Search the records for "have" and copy each line that holds it.

- Data shown -
****************

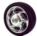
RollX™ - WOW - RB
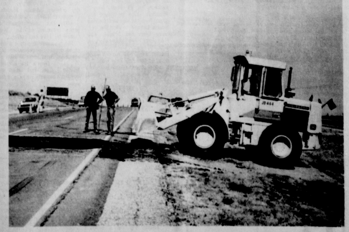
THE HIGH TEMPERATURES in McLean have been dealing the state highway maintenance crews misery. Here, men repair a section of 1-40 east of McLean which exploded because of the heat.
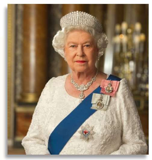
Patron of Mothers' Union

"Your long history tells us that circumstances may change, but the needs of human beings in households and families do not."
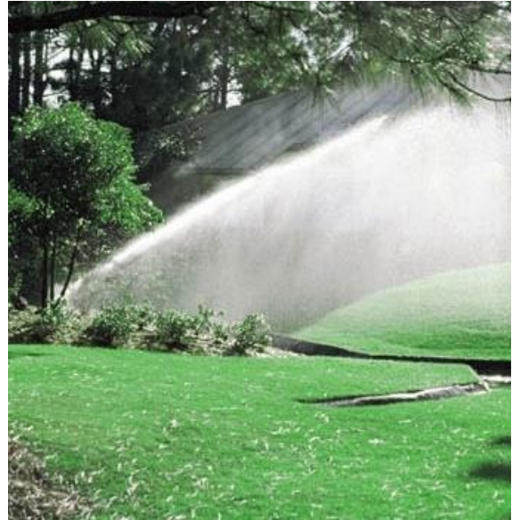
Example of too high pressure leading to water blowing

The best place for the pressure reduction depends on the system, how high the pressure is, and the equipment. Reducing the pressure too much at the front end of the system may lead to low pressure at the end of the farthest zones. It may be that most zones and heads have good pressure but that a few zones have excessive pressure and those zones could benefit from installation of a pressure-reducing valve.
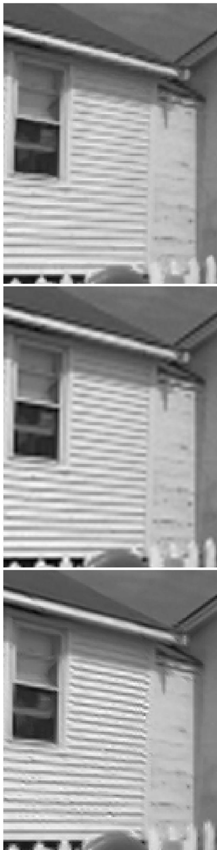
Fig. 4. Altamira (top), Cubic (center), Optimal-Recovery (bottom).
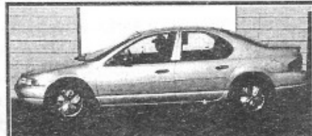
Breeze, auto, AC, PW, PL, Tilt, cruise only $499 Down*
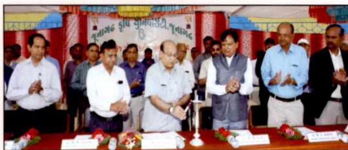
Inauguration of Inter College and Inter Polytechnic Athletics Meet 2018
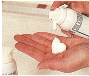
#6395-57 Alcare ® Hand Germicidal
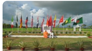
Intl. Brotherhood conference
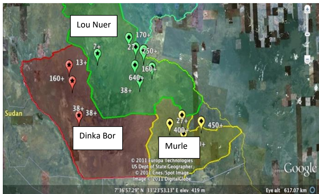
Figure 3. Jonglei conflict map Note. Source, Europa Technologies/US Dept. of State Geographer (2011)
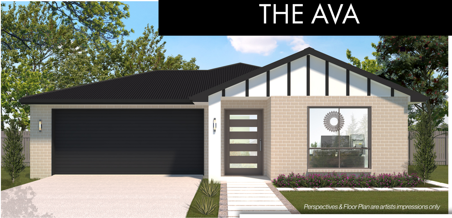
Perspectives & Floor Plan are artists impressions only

****************

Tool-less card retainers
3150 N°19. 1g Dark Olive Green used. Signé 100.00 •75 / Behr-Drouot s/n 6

****************

- Task answer -
THE HIGH TEMPERATURES in McLean have been dealing the state highway maintenance crews misery. Here, men repair a section of 1-40 east of McLean which exploded because of the heat.
The best place for the pressure reduction depends on the system, how high the pressure is, and the equipment. Reducing the pressure too much at the front end of the system may lead to low pressure at the end of the farthest zones. It may be that most zones and heads have good pressure but that a few zones have excessive pressure and those zones could benefit from installation of a pressure-reducing valve.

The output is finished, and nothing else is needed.